Ind. Courts - IndyStar editorial against Marion County trial judge selection system

And of course the Star's editorial writers are far from the first to criticize the Marion County system. Most recently, Justice Ted Boehm, in his Sept. 30 , 2010 retirement speech, said:

[I]n some parts of the state we have systems of judicial selection that work well, but in Marion county, for example, we have a scheme that purports to place the selection in the hands of the voters, but in practical effect leaves it under the control of a few party officials. There are several pernicious results, not the least of which is the judges become a vehicle for raising funds for political parties. Despite widespread derision, even ridicule of this system, few in government have the will to challenge it.
The first half of today's Star editorial points out Marion County traffic court judge Bill Young's faults, ending with:
His abuse of power has been so blatant that the General Assembly this year even passed a law specifically aimed at Young's practice of imposing heavy fines on drivers who came to court to fight traffic tickets.
The editorial continues:
Yet, the bigger outrage isn't Young's misbehavior. It's an electoral process that protects judges such as Young from voters' scrutiny.
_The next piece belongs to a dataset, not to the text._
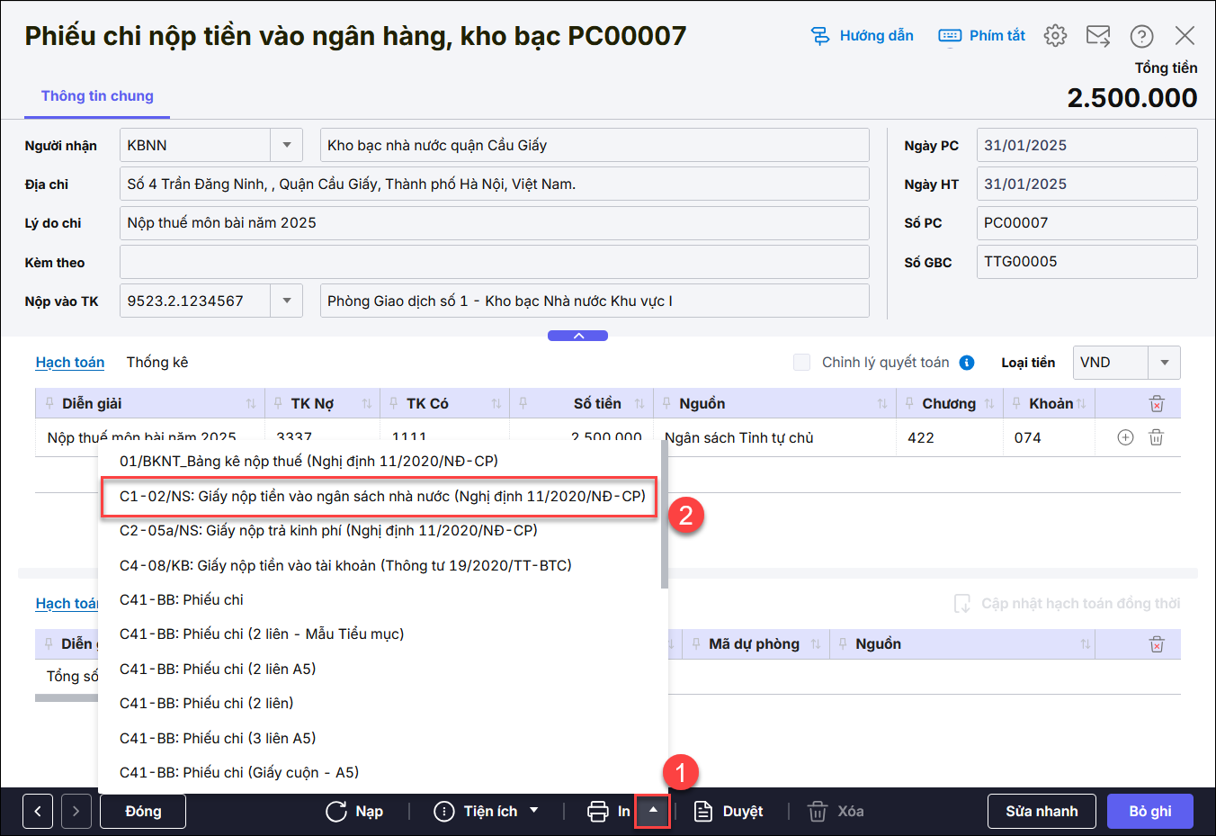 Tại giao diện phiếu chi nộp tiền vào ngân hàng, kho bạc, nhấn vào mũi tên cạnh In chọn mẫu Giấy nộp tiền vào Ngân sách nhà nước (C1-02/NS).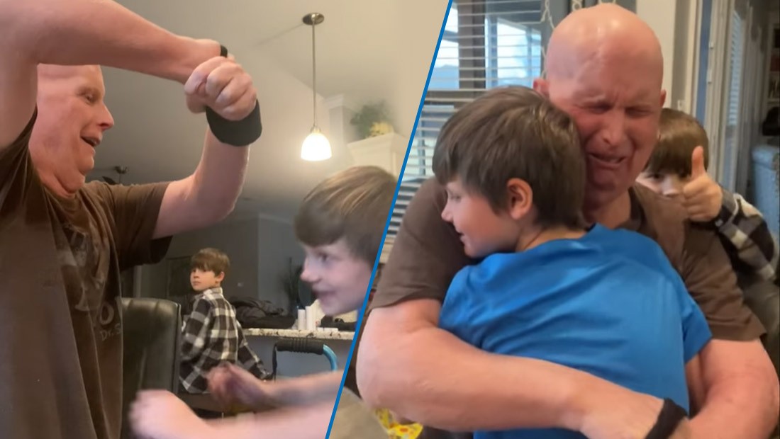 "This is the first time I've gotten to hug my boys" said the grandfather, who suffered a stroke eight years ago.

Marion County has a bizarre system in which judicial candidates who are slated by the major political parties are all but assured victory in the general election. The system essentially guarantees that party insiders, not voters, get to select who serves on the bench in Marion County.

Defenders of the system insist that it provides the best of the alternatives: Candidates are screened by the parties before they reach the ballot, but voters get the final say.

Yet, officials such as Young and Grant Hawkins, a Marion County Superior Court judge who was suspended last year for mishandling a rape case, are largely shielded from public accountability for their actions.

As it stands, Young may well have deserved a stiffer penalty for what Indiana University School of Law-Indianapolis Professor Joel Schumm described as "repeated and flagrant'' misconduct. For sure, the public deserves a system that takes power out of the hands of party insiders and puts it with the voters.